---------- EXCERPTED DATA ----------

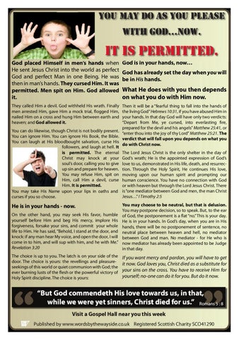 Then it will be a “fearful thing to fall into the hands of the living Godâ€? Hebrews 10:31, if you have abused Him in your hands. In that day God will have only two verdicts: “Depart from Me, ye cursed, into everlasting fire, prepared for the devil and his angelsâ€? Matthew 25:41, or You can do likewise, though Christ is not bodily present. “enter thou into the joy of thy Lordâ€? Matthew 25:21. The You can ignore Him. You can ignore His Book, the Bible. verdict that will fall upon you depends on what you You can laugh at His bloodbought salvation, curse His do with Christ now. followers, and laugh at hell. It is permitted. The eternal The Lord Jesus Christ is the only shelter in the day of Christ may knock at your God’s wrath; He is the appointed expression of God’s soul’s door, calling you to give love to us, demonstrated in His life, death, and resurrecup sin and prepare for heaven. tion. Through the Holy Spirit, He continues His love, You may refuse Him, spit on moving upon our human spirit and prompting our Him, call Him a devil, curse human conscience. You have no connection with God Him. It is permitted. or with heaven but through the Lord Jesus Christ. There You may take His Name upon your lips in oaths and is “one mediator between God and men, the man Christ Jesus‌â€? I Timothy 2:5 curses if you so choose.
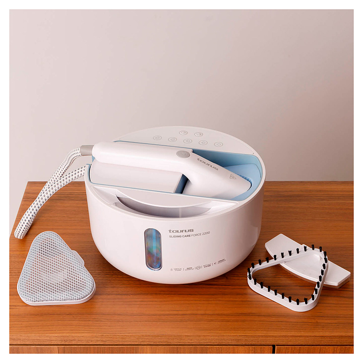 Отпариватель Taurus Sliding Care Force 2200 используется в гостиницах, ателье, а также домашних условиях для разглаживания складок на одежде, белье и шторах из различных тканей, а также для термической дезинфекции изделий с помощью струи горячего пара. Модель оснащена электронагревателем с насосом, кабелем питания с вилкой, термоизолированной рукояткой и сенсорной панелью управления. Корпусы прибора и утюжка выполнены из термостойкого ударопрочного пластика белого цвета, подошва утюжка – из металла с тефлоновым покрытием. Комплектация:
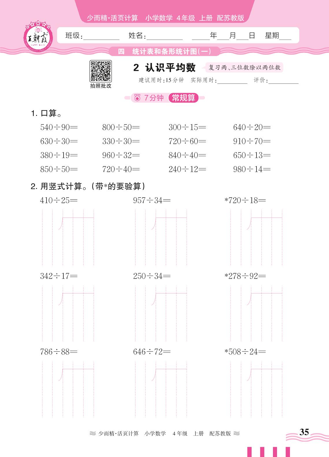 2024秋上册四年级数学苏教版 第四单元 统计表和条形统计图(一)——2. 认识平均数
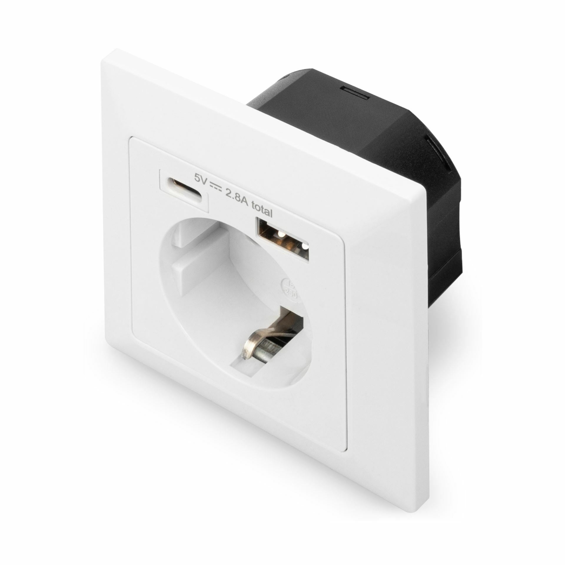 Digitus podometna vtičnica z 220V vtičnico, enim USB tip-A in enim USB tip-C priključkom za polnjenje mobilnih naprav.
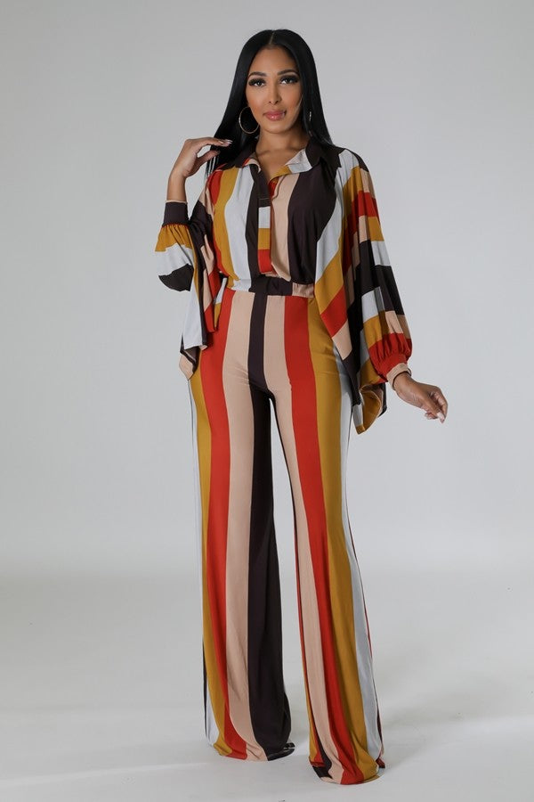 Stretch pants set, Collar, Long sleeve, No closure, High-waisted pants, Elastic waistband, Wide-leg. The model is wearing a small.
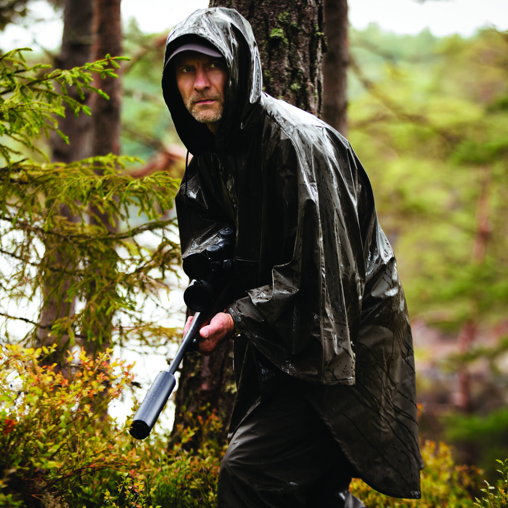 Mit dem Deerhunter Hurricane Regen Poncho bist du bestens gerüstet für jedes Wetter im Revier – trocken, flexibel und einsatzbereit.
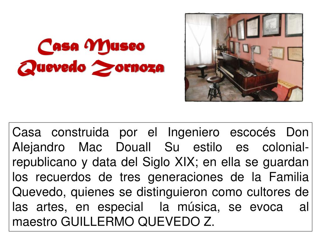 Casa Museo Quevedo Zornoza Casa construida por el Ingeniero escocés Don Alejandro Mac Douall Su estilo es colonial-republicano y data del Siglo XIX; en ella se guardan los recuerdos de tres generaciones de la Familia Quevedo, quienes se distinguieron como cultores de las artes, en especial la música, se evoca al maestro GUILLERMO QUEVEDO Z.

----------

WHAT YOU WILL DO: With the pictures left out, copy exactly the lines from the one containing "Digitus podometna vtičnica" through the final line of the records above, both included.

WRITTEN ANSWER:
 Digitus podometna vtičnica z 220V vtičnico, enim USB tip-A in enim USB tip-C priključkom za polnjenje mobilnih naprav.
 Stretch pants set, Collar, Long sleeve, No closure, High-waisted pants, Elastic waistband, Wide-leg. The model is wearing a small.
 Mit dem Deerhunter Hurricane Regen Poncho bist du bestens gerüstet für jedes Wetter im Revier – trocken, flexibel und einsatzbereit.
 Casa Museo Quevedo Zornoza Casa construida por el Ingeniero escocés Don Alejandro Mac Douall Su estilo es colonial-republicano y data del Siglo XIX; en ella se guardan los recuerdos de tres generaciones de la Familia Quevedo, quienes se distinguieron como cultores de las artes, en especial la música, se evoca al maestro GUILLERMO QUEVEDO Z.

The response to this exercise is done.